“Bosch’s Garden of Delights Triptych: Remnants of a ‘Fossil’ Science” (Laurinda S. Dixon) 1981
[in: The Art Bulletin, 63 (1981), pp. 96-113]
[Also mentioned in Gibson 1983: 87-88 (E89)]
This article is based on Dixon’s dissertation (see Dixon 1980). In order to understand the symbolic imagery of Bosch’s Garden of Delights triptych we lack the vocabulary that was available to Bosch’s patrons and public. According to Dixon the key to Bosch’s symbolism can be found in alchemy. Earlier authors (i.a. Van Lennep, Combe, Bergman) have already related Bosch to alchemy but their approach was not appropriate because they did not recognize the great differences between early alchemy and its later mutation, Rosicrucianism and also because they ignored the practical aspects of alchemy, in particular the distillation of medicines. When we relate alchemy to Bosch, we have to look at alchemy objectively from a fifteenth-century perspective and compare only the early (and not the later) elements to Bosch’s works.
Dixon first points out that there was a pharmacist in the family of Bosch’s wife. In a footnote we read that this was the grandfather of Bosch’s wife. But in the actual text of the article pharmacy has suddenly become ‘the family profession of Bosch’s in-laws’: this could be called ‘jumping to conclusions’. Dixon further signals that alchemy was not an occult and generally disapproved science: pharmacists and doctors used it and many people (popes, kings and scholars, one of them Paracelsus) had a high opinion of it. It was common practice, though, to provide alchemical texts and images with a symbolic code lest the information would fall into wrong hands. Because of this fifteenth-century alchemical texts often had an esoteric character and they are often obtuse and contradictory. Dixon then repeats her major 1980 thesis: the left interior panel, central panel, right interior panel and exterior panels of the Garden of Delights represent the four steps of the alchemical work (coniunctio, coagulatio, putrificatio, purificatio). In this article she limits herself to the identification of distillation apparatus in the Garden.

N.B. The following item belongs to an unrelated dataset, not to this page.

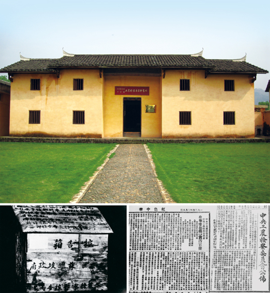 在中央蘇區(qū)、延安時(shí)期,我們黨探索了一套對(duì)蘇維埃政府、邊區(qū)政府和革命根據(jù)地人民政權(quán)組織及其工作人員的監(jiān)督辦法。 上圖為江西瑞金中華蘇維埃共和國(guó)工農(nóng)檢察委員會(huì)舊址;下左圖為當(dāng)年江西興國(guó)縣高興區(qū)蘇維埃政府工農(nóng)檢察部設(shè)置的控告箱;下右圖為《紅色中華》報(bào)關(guān)于中央印刷廠等單位貪污案查處結(jié)果和檢舉于都縣蘇維埃工作人員營(yíng)私貪污案的報(bào)道。 中共江西省贛州市委黨史辦供圖

At the beginning of her article Dixon points out: ‘It would be impossible to prove that Bosch saw and copied intact a particular alchemical image in his paintings’. Some pages further she writes: ‘Bosch’s triptych is puntuated by forms and shapes which on the surface appear as mere flights of fancy, unless compared with diagrams found in distillation texts’. It has to be admitted that more than once the examples presented in this article and the alchemical images to which some of Bosch’s motifs are compared seem to be convincing. Remarkable, for instance, is the similarity between the central blue fountain (central panel, background) and the transparent sphere-with-couple (central panel, lower left) and an alchemical ‘marriage chamber’ (see illustration 9). The colon topped by a glass sphere-with-bumps (central panel, lower right corner) does indeed look like a bain-marie (see illustrations 17 and 18). Dixon further signals glass retorts, headgears that look like transparent funnels and the rounded transparent bowl (central panel, foreground) covering three persons that looks like a steam bath (see illustration 27). It is interesting that Dixon points out that none of these objects fulfil their original function in Bosch’s painting, they are just being used as ‘toys’ for the ‘children of Adam and Eve’ (a supposed reference to one of the steps of the alchemical work known as ‘child’s play’).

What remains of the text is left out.